I don't think there's probably a difficulty with the second part, which is (b) by adding after line 14:
Despite paragraph...each province may take any measure that it considers appropriate to limit greenhouse gas emissions.”
I have three concerns. One is whether in fact there is the suggestion that the federal government could impose an overall greenhouse gas emissions target on a province. That's one issue: do we have the power to do that? I'd be interested, actually, in hearing from a legal point of view whether we have a challenge here.
Secondly, I'm a bit concerned about what it might mean to our international trade obligations, and I'm thinking under NAFTA. It's one thing to take a sectoral approach and say that all cement plants across Canada are subject to the same emissions cap, for example. It would be quite different, it seems to me, under NAFTA to say that cement plants in Quebec are subject to a lesser greenhouse gas emissions cap than ones in Ontario and Prince Edward Island. So my second point is on international trade.

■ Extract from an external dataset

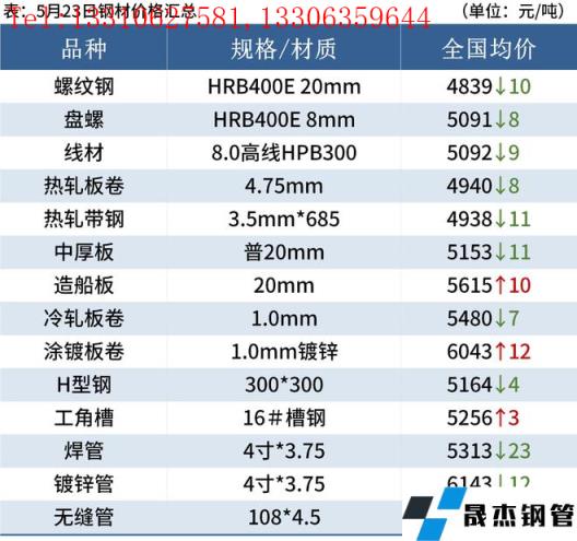 熱軋板卷:5月23日,全國24個(gè)主要城市4.75mm熱軋板卷均價(jià)4940元/噸,較上個(gè)交易日下跌8元/噸。5月22日,市場(chǎng)突傳印度將針對(duì)鐵礦石及部分鋼鐵產(chǎn)品大幅提高出口關(guān)稅,市場(chǎng)情緒得到回暖,盤面下方支撐增強(qiáng)。隨著經(jīng)濟(jì)下行壓力增大,政策面暖風(fēng)頻吹,5月5年期LPR下調(diào)15個(gè)基點(diǎn),降低購房者置業(yè)成本、提高購房者置業(yè)意愿的同時(shí),進(jìn)一步提振了市場(chǎng)信心,預(yù)計(jì)后期地產(chǎn)方面將持續(xù)出臺(tái)利好政策。但由于疫情的影響,其對(duì)需求的制約依然明顯,厚壁無縫鋼管的現(xiàn)實(shí)需求短期難有明顯增量。因此,24日全國熱軋板卷仍呈現(xiàn)持穩(wěn)或小幅波動(dòng)的態(tài)勢(shì)。

My third point, which is less a legal question, is whether this in some way undermines the possibility of having a national market for emissions trading when you have the same industry in different provinces with different standards.
Those are three questions I raise. My fourth question is, if there's any ambiguity, particularly on trade or the federal power, is there any danger, given that we put the word “could” in, that this whole bill could go down because we're offside on either the federal power issue or the trade issue?
That's really a technical question, and I'm wondering whether our legal counsel can give us some response to this.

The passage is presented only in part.